In the journal article, the authors say the mishaps also highlight several larger problems.

Stem cell clinics are only loosely regulated in the US and the trials conducted there and listed on Clinicaltrials.gov are not necessarily endorsed by the National Institutes of Health. A spokeswoman for the NIH told a New York Times reporter that “ClinicalTrials.gov does not independently verify the scientific validity or relevance of the trial itself beyond a limited quality control review.”

As a result, these clinics—some of which are heavily advertised in consumer publications— “are treating patients with little oversight and with no proof of efficacy,” the authors wrote. The women described in the article all said they had found the clinic and the treatment by searching ClinicalTrials.gov. They all paid $5,000 each for the injections. In legitimate clinical trials, patients are not charged.

The authors said the clinic used autologous stem cells drawn from patients’ abdominal fat and mixed with their blood, which was injected into patients’ eyes. The authors questioned whether the mixture even contained stem cells. They also noted that there is only “sparse evidence” that this type of stem cell will later differentiate into the retinal pigment epithelial or photoreceptor cells that could help restore vision.

Some stem cell research—not done at the Florida clinic-- is more promising for vision problems. There is evidence however that human embryonic stem cells may be able to help when a suspension is injected under the retina. Such injections “have a good safety profile,” the authors wrote. They also noted that these cells are much harder to come by and that the commercial clinics use the fat-derived preparations “because of the ease of obtaining and preparing these cells.”

According to a lawsuit filed by one Florida patient, the injection was done by a nurse practitioner. The journal article authors did not fault the injection technique itself but said “the complications seen in the three patients described in this series are probably due to the stem-cell preparations.”

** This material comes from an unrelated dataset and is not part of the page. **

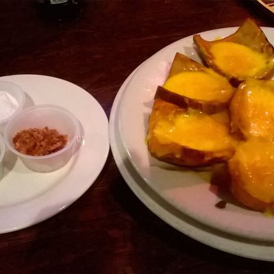 Traditional British pub offering a wide beer selection and pub fare like bangers and mash, burgers, and potato skins; service and food quality are inconsistent.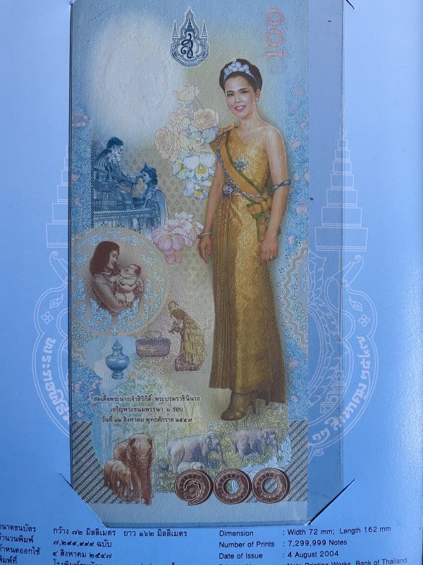 ธนบัตรที่ระลึกพระนางเจ้าสิริกิต์ มหามงคลเฉลิมพระชนมพรรษา 6 รอบ 12 สิงหาคม 2547 ฉบับละ 100 บ.อยู่ในกรอบเดิม

The patients’ vision loss was associated with ocular hypertension, hemorrhagic retinopathy, vitreous hemorrhage, combined traction and rhegmatogenous retinal detachment or lens dislocation. A year after the disastrous procedures, patients’ visual acuity ranged from 20/200 to no light perception.

The patients ages were 72 (the one who was blinded), 78, and 88.

According to news accounts, the clinic is part of a company called US Stem Cell, and at the time of the Florida procedures in 2015 was known as Bioheart. The company has said the clinic did not need FDA approval for its treatments since they involved the patients’ own cells and tissues. The Times quoted a company spokeswoman as saying the women were not treated as part of the clinical trial and that the planned trial was discontinued, adding that the clinic had treated thousands of patients for other conditions successfully.

The paper’s authors said they contacted the FDA after the patients came to them for treatment, but so far have not heard back from the agency as to whether it is investigating. The FDA has had no comment.

The journal article is entitled “Vision Loss after Intravitreal Injection of Autologous ‘Stem Cells’ for AMD.”